Là, sur plus de quinze mètres de profondeur, une colossale habitation se dévoile. Portes, système d'aération, système de fermeture de portes au moyen de gigantesques roues en pierre, greniers à blé, etc. Tout ce qu'il faut pour tenir un siège ! Et tout est là, en parfait état. Dans n'importe quel coin de Cappadoce, les indices d'un retour vers le passé sont à portée de mains.

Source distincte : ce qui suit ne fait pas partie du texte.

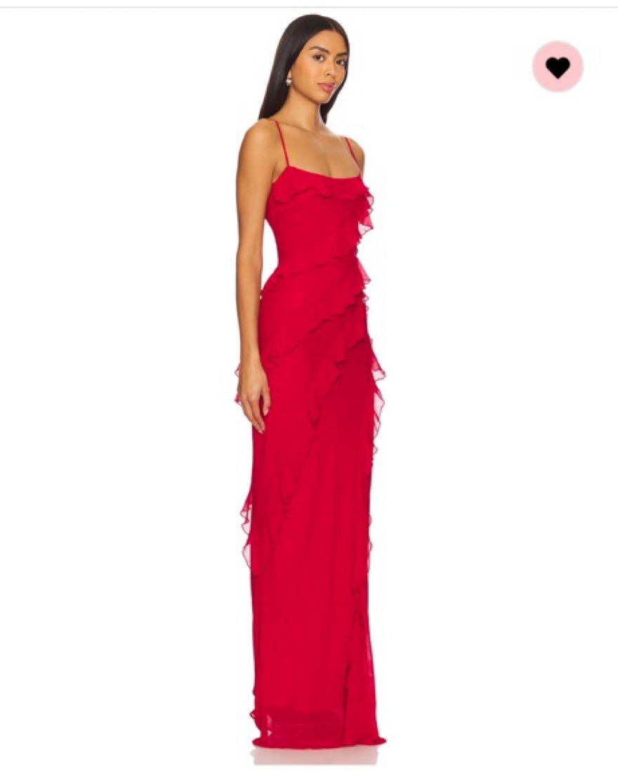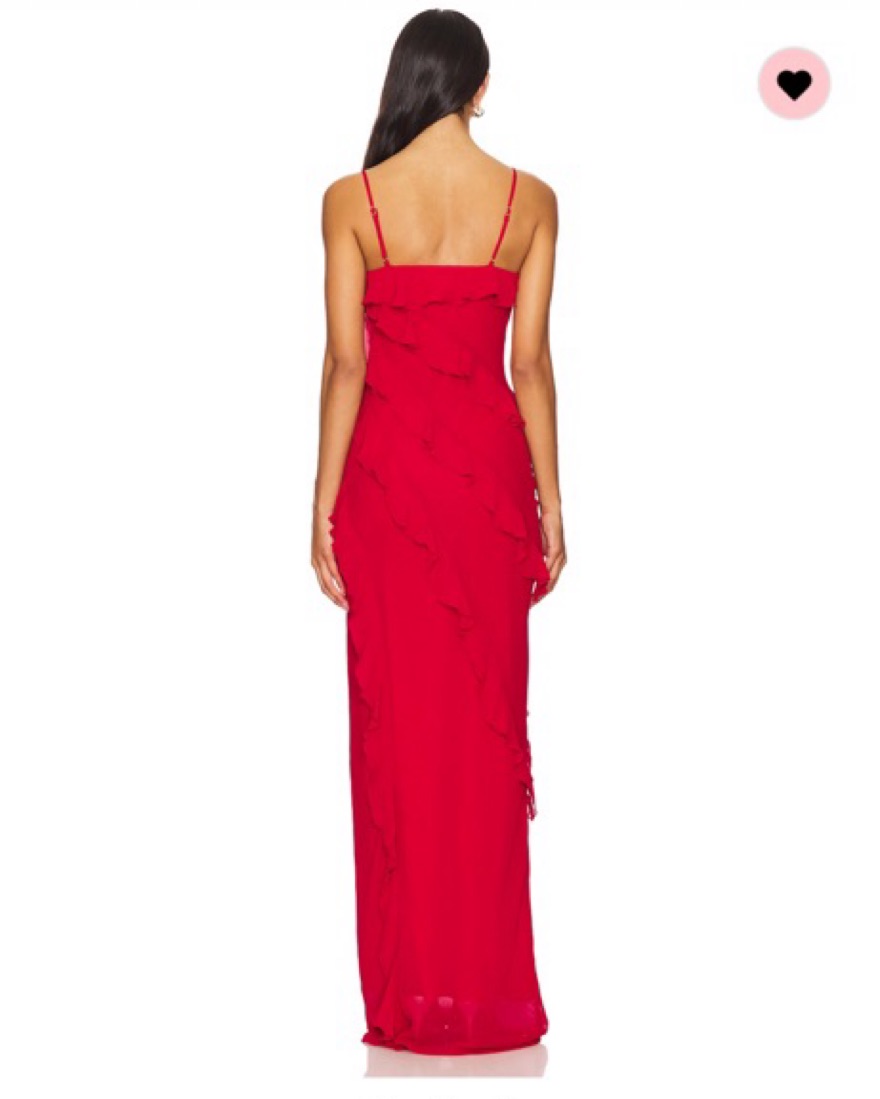 DELORA RED GOWN FROM LOVERS & FRIENDS SIZE XXS BUT CAN FIT A SIZE XS FULLY LINED HIDDEN SIDE ZIP CLOSURE SIZE XXS: Bust: 31 1/2 Waist: 24 Hip: 34
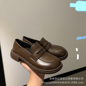 小皮鞋女新款2022春季英伦风复古棕色学生休闲平底...
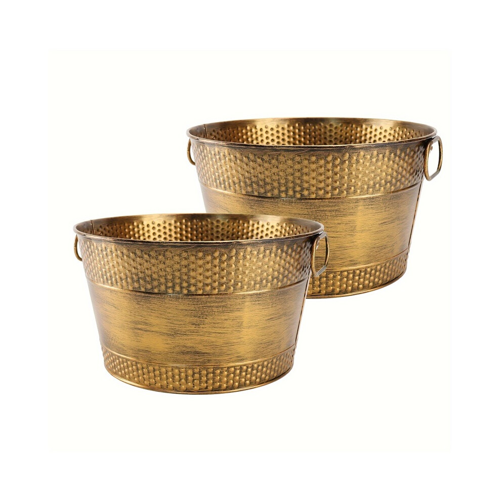 (Hx-002-y, 2pcs) Multicolor Portable Iron Ice Bucket, Outdoor Storage Bucket, BBQ Ice Bucket,Leakproof and Rustproof, with Handle

Ainsi, tout ce que nous connaissons aujourd'hui, ce que nous sommes, ce sont dans ces montagnes que notre culture, notre histoire, puisent les réponses à ces interrogations.Roches sculptées, montagnes aux couleurs vives, la Cappadoce offre aussi d'autres beautés. Le long du canyon d'Ihlara, c'est une toute image de paysage cappadocien qui se dessine. Une descente en bordure de rivière est nécessaire pour s'en imprégner. Sur plus de 15 km, la rivière chemine entre les montagnes. L'endroit fait plus penser à un paysage méditerranéen qu'anatolien.
Autre endroit, autre atmosphère : Un samedi matin, la douce chaleur d'avril commence de monter sur la place du marché d'Ürgüp. Les marchands de fruits et de légumes haranguent les passants, la multitude de couleurs accroche l'oeil, les odeurs d'épices chatouillent les narines, toute la saveur d'une journée en Cappadoce en train de naître...
Une magie qui continue du côté du village d'Ortishar. Là, au milieu d'antiquités, entre narghilé d'époque et sabre ottoman, on découvre le truculent Ali, une figure locale qui déclame ses compositions poétiques.
Des formes de relief incomparables, des couleurs uniques, des saveurs suprêmes, des images d'Orient et d'Occident, la Cappadoce constituent une sorte de « pont » entre deux continents. Un endroit où les influences se mêlent et s'entremêlent. Une autre planète ? Non... Simplement un lieu à aimer.